> **Supplied data**

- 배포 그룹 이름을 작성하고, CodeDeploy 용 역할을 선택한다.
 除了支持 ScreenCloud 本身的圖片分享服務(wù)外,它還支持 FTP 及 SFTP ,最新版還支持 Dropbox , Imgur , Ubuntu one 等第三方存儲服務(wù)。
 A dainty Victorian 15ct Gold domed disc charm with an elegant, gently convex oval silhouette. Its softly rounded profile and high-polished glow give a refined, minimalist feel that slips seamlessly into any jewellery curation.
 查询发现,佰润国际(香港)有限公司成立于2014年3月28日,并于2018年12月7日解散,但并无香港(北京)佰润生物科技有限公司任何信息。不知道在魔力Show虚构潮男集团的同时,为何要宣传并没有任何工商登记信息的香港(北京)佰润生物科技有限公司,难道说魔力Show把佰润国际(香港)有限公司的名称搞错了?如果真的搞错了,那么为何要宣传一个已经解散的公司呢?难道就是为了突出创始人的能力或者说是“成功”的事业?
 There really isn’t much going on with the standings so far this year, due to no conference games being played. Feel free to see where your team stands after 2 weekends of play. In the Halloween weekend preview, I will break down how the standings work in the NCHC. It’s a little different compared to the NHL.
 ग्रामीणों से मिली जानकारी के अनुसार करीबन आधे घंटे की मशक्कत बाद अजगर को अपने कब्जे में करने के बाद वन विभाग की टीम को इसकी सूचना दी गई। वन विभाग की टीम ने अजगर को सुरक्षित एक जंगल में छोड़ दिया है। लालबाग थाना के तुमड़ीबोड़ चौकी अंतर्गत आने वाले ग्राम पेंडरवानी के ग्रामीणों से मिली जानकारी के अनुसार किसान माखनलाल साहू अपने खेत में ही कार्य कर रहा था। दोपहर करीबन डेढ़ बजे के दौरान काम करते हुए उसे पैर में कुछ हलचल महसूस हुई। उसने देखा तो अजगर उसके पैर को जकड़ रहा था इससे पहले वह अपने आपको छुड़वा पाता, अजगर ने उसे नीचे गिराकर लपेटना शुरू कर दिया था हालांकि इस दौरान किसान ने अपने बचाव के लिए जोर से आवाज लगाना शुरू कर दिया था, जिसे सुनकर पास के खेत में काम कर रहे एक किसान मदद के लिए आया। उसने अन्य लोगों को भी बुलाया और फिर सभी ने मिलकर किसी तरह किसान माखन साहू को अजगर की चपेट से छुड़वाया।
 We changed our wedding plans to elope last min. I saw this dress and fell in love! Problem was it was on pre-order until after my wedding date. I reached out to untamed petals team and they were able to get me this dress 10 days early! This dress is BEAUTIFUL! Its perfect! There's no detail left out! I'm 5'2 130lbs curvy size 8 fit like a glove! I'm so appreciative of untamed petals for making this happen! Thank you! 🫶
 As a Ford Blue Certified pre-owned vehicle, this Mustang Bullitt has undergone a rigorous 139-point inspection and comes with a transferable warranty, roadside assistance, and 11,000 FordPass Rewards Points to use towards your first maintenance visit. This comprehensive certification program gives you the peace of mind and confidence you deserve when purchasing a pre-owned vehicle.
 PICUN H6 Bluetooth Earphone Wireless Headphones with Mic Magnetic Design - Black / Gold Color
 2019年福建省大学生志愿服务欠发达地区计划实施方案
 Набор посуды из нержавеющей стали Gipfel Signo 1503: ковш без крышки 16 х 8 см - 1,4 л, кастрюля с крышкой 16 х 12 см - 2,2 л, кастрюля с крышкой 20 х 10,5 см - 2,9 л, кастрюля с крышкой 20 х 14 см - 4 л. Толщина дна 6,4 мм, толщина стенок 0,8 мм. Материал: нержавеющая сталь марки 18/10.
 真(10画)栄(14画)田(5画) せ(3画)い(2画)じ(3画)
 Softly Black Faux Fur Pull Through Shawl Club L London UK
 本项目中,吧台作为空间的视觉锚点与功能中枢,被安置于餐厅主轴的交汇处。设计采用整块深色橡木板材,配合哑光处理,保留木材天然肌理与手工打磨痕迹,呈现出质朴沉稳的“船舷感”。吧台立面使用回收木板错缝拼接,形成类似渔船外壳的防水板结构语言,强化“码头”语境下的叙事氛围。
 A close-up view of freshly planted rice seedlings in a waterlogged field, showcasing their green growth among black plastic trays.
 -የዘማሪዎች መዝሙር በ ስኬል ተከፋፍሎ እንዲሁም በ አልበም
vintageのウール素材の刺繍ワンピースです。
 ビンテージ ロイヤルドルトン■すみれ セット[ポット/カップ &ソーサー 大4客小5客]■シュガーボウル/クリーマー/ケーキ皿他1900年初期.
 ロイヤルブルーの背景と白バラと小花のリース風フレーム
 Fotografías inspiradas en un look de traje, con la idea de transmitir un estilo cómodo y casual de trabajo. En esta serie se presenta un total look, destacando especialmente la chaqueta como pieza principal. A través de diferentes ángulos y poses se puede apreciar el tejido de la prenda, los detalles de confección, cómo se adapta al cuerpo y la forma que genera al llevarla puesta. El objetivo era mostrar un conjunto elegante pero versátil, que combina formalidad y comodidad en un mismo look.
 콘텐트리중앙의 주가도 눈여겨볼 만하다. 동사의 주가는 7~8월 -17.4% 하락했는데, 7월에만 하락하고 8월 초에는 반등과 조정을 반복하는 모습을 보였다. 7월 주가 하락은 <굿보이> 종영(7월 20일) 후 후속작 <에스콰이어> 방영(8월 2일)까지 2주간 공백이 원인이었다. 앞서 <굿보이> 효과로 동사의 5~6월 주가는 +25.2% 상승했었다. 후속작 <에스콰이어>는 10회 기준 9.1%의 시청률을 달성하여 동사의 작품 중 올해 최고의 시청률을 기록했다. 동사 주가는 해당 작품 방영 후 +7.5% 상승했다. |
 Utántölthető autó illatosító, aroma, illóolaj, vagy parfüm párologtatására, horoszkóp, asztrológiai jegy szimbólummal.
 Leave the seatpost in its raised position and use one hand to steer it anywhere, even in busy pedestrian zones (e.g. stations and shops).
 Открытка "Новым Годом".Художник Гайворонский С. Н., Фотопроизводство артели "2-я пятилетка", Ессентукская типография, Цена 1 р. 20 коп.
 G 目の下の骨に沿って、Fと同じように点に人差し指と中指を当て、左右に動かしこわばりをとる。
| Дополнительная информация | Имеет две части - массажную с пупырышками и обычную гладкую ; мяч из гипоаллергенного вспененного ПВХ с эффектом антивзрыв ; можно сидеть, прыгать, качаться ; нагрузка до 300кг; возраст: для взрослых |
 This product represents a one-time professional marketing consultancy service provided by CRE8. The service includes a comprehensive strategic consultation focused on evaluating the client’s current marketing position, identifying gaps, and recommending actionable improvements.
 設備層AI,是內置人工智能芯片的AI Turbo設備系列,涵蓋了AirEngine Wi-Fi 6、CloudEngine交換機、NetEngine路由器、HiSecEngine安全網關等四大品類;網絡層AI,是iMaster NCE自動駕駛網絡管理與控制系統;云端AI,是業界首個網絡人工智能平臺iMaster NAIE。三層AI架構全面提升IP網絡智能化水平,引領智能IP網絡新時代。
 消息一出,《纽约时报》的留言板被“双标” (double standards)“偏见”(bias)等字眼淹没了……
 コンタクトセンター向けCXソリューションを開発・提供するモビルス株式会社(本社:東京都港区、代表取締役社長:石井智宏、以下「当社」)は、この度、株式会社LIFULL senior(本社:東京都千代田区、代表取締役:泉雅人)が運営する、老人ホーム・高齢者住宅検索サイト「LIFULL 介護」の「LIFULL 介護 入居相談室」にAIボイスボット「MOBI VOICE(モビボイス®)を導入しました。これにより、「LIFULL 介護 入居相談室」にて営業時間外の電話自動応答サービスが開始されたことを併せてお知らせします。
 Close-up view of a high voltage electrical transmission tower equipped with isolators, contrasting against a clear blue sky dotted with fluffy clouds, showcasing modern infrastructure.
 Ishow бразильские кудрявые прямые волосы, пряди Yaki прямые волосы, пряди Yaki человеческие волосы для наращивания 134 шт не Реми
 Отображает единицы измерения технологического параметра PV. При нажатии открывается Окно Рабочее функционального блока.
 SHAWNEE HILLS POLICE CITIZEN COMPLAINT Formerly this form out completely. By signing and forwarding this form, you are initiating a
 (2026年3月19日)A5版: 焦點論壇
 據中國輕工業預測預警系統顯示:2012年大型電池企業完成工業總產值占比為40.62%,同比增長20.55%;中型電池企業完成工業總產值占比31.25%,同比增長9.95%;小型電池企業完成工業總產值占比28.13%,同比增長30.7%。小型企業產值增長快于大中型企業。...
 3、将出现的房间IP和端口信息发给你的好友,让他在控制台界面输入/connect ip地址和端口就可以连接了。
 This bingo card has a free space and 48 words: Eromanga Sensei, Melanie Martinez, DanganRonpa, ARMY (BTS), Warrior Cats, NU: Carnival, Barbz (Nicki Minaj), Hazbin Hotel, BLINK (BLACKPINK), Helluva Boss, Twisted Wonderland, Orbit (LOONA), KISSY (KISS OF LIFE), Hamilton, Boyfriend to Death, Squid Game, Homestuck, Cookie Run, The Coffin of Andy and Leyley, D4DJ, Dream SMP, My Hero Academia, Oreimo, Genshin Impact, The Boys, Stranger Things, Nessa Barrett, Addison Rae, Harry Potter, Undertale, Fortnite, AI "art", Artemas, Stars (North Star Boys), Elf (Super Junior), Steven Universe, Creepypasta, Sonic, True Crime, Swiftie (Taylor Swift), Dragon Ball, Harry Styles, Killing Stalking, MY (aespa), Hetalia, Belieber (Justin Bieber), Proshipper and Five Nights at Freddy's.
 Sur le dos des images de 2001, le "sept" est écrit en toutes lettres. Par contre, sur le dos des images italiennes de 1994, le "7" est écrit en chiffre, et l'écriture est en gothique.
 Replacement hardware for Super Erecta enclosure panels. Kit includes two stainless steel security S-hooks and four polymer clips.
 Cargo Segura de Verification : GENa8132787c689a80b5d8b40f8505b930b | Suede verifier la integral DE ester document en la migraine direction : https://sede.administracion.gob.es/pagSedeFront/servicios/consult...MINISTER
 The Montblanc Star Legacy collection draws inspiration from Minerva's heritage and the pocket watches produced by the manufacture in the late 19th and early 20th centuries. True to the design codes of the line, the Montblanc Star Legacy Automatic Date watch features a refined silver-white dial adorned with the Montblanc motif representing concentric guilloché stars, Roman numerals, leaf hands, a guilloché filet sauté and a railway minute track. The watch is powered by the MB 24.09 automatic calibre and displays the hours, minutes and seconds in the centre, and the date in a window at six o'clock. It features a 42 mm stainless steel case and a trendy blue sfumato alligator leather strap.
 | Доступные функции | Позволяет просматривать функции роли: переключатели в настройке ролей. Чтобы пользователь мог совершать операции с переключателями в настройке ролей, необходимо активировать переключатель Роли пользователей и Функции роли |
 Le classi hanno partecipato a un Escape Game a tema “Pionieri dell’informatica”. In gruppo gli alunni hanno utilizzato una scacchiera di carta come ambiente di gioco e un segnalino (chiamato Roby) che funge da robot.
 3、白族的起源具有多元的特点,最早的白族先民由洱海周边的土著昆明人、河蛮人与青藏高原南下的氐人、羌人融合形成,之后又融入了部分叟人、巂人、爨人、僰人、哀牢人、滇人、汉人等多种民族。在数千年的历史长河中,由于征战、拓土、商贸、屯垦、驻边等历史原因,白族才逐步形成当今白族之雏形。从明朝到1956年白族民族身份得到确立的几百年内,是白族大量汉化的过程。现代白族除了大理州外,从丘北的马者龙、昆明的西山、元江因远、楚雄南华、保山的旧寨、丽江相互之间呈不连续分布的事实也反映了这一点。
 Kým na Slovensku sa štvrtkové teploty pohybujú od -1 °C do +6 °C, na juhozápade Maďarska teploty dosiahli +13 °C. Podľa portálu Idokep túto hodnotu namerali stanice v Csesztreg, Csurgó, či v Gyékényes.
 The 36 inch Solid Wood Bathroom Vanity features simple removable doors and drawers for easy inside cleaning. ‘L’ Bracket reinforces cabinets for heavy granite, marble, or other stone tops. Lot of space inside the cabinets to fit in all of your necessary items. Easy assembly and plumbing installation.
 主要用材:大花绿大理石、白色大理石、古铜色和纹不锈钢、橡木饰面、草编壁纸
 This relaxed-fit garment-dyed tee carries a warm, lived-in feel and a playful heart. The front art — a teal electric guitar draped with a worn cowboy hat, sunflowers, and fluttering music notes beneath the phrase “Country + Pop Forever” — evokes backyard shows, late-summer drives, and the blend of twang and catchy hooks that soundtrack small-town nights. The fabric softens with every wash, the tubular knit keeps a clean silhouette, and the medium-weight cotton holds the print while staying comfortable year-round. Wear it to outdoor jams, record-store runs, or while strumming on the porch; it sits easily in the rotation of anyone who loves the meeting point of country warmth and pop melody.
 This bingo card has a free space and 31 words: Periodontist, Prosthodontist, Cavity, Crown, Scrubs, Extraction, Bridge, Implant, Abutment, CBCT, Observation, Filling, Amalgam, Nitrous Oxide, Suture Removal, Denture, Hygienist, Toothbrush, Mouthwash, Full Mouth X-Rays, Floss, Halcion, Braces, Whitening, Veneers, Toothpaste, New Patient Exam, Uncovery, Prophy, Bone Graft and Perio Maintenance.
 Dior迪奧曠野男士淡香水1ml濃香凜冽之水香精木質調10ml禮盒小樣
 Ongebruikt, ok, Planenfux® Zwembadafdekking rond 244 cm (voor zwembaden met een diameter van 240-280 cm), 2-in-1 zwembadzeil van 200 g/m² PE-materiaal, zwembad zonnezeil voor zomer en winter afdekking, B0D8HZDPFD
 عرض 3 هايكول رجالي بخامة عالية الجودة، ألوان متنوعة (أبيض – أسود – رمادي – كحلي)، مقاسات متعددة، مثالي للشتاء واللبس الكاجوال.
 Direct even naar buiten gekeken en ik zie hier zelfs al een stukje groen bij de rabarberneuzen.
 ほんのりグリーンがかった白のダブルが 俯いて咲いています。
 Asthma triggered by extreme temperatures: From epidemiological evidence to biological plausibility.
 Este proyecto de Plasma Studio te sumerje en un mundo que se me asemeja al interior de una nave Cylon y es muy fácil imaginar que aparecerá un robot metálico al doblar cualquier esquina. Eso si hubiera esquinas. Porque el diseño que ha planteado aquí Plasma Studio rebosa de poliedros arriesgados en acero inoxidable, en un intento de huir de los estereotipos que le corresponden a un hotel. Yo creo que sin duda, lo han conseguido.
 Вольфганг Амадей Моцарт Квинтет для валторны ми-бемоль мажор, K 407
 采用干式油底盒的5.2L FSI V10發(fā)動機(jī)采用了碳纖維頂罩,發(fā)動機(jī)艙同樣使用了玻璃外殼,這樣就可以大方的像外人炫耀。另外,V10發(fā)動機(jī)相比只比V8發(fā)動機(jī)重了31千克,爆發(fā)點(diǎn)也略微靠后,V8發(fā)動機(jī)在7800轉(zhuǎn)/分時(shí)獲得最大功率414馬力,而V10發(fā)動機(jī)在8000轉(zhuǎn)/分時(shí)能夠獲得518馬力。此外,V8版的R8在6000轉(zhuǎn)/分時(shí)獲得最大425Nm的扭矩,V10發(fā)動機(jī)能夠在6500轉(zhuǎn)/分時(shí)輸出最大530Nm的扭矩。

> **Aim of the task**
In the material above, how many lines hold the string "high"? Give the number and nothing else.

> **Exercise answer**
2